One of the things about construction companies that is invariably misunderstood by people who try to sell construction ERP software is the fact that most construction managers don’t need a computer to tell them where they lost money on the job. Most of the time they know something is going astray long before anyone in the accounting department finds out.
The neat thing about construction managers and key construction engineers is that they understand the principles of making decisions and the importance of the timing of events. They know before the job even starts that sending a crew in to do a job is going to cost them X dollars per day for N number of days. That’s how they bid the job in the first place. If the crew has to get larger or the days get longer, or more days are required, they don’t need a fancy costing system to tell them they are losing money in equipment costs and or labor. Their gut will tell them every time.
Another neat thing about construction owners is that, at heart, they are all entrepreneurs. Every job is a new venture. Every job is a new gamble. Good information from previous jobs must be reliable if they are using it as the basis for estimating on a new project. It must be information they can trust and cost coding is rarely accurate. There is no denying it though, knowing the amount spent at supplier xyz for project q in 2006 is important and good information to acquire. Unless someone paid the wrong supplier, which is highly unlikely, that kind of information should be highly reliable.

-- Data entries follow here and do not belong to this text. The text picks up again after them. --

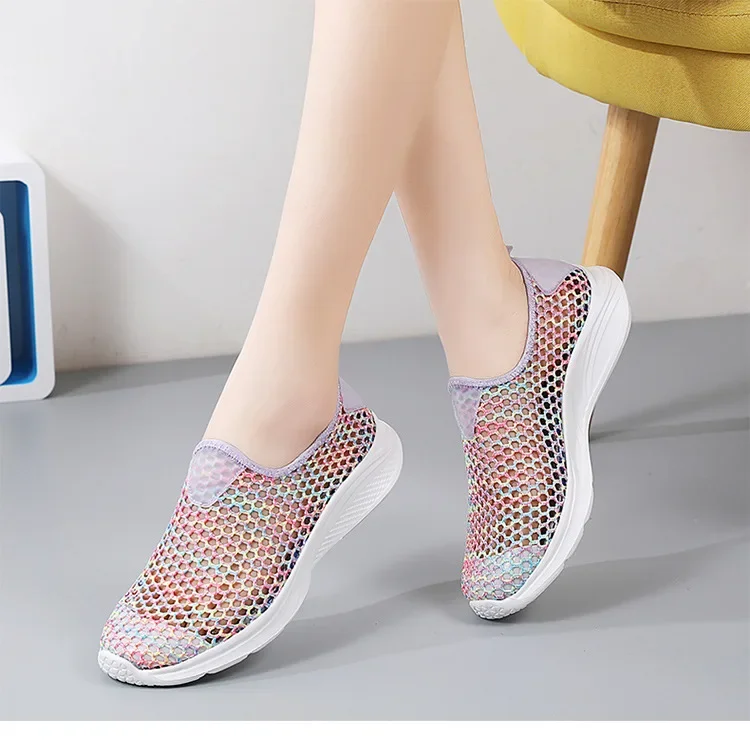 Summer women's hollow mesh breathable, lightweight, comfortable sports and leisure old Beijing cloth shoes
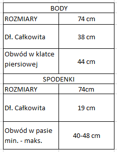 | Rozmiar | Rozmiar 74 cm |
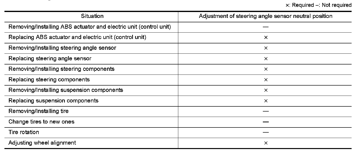 When doing work that applies to the list below, make sure to adjust neutral position of steering angle sensor before running vehicle.
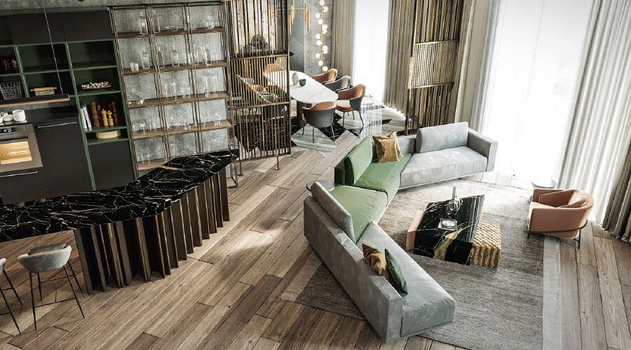 今天小意介紹的這套國外輕奢風大平層,用豆蔻青、肉桂色和姜黃色等暖色系,搭配出了一個溫潤低調又特別有氣質的家居空間。
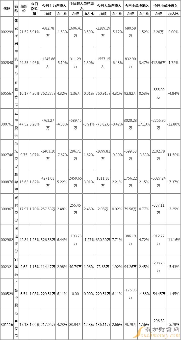 鸡肉概念资金流向明细
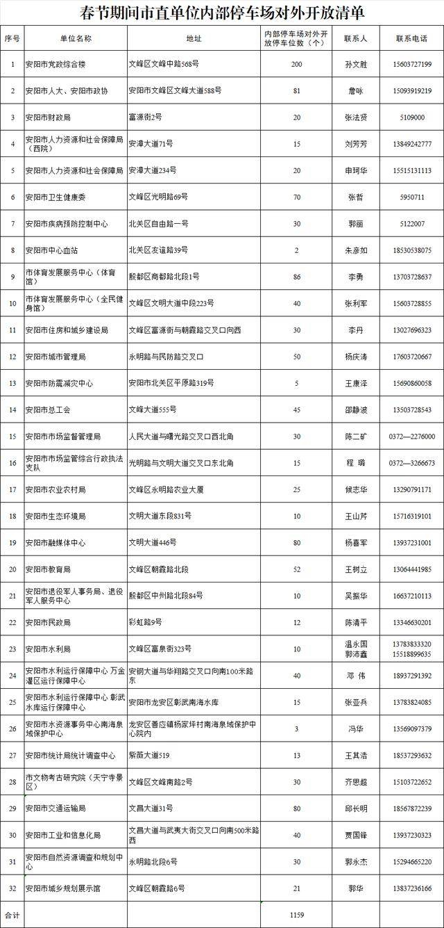 安阳市直单位和各县(市、区)公共机构内部停车场开放清单如下:
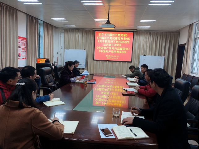 12月21日下午,继续教育学院党总支在第一教学楼209会议室开展党章党规专题学习,学院党总支书记黄殿芳主持,学院全体党员参加学习。
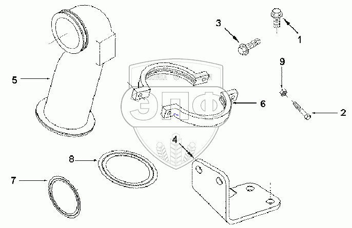 Каталог запасных частей к технике: Cummins 6BTA5.9-C180. XS 9469ZZ CONNECTION, EXHAUST OUTLET
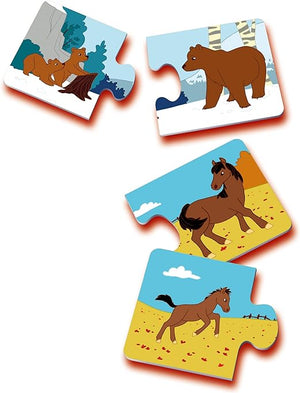 Grâce aux pièces de puzzle autocorrectives, les enfants jouent à réunir les petits et les mamans en toute simplicité et peuvent vérifier eux-mêmes s’ils ont correctement associé les images.
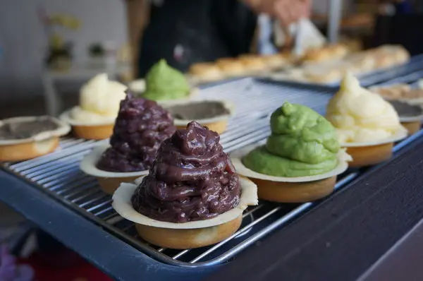 紅豆,奶油,抹茶口味的餡料擠成霜淇淋高度(大概繞個至少五圈吧!!!!!)
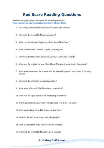 The Second Red Scare Reading Questions Worksheet Teaching Resources

Construction ERP software should be exceedingly simple. If things are moving right in the right direction in construction, they tend to be moving very fast. There is little or no time to second guess alternatives and most decisions for what they are going to do on the job tomorrow must be made long before most of the rest of the world is out of bed tomorrow morning. In construction, time is always of the essence.
As you can now see, construction is a different world where risk management and entrepreneurialism are essentials, in fact an integral part of construction life. Take it one step forward from traditional accounting to the totally seamless workflow accounting and information system and you have a very powerful contracting tool, one no contractor should be without.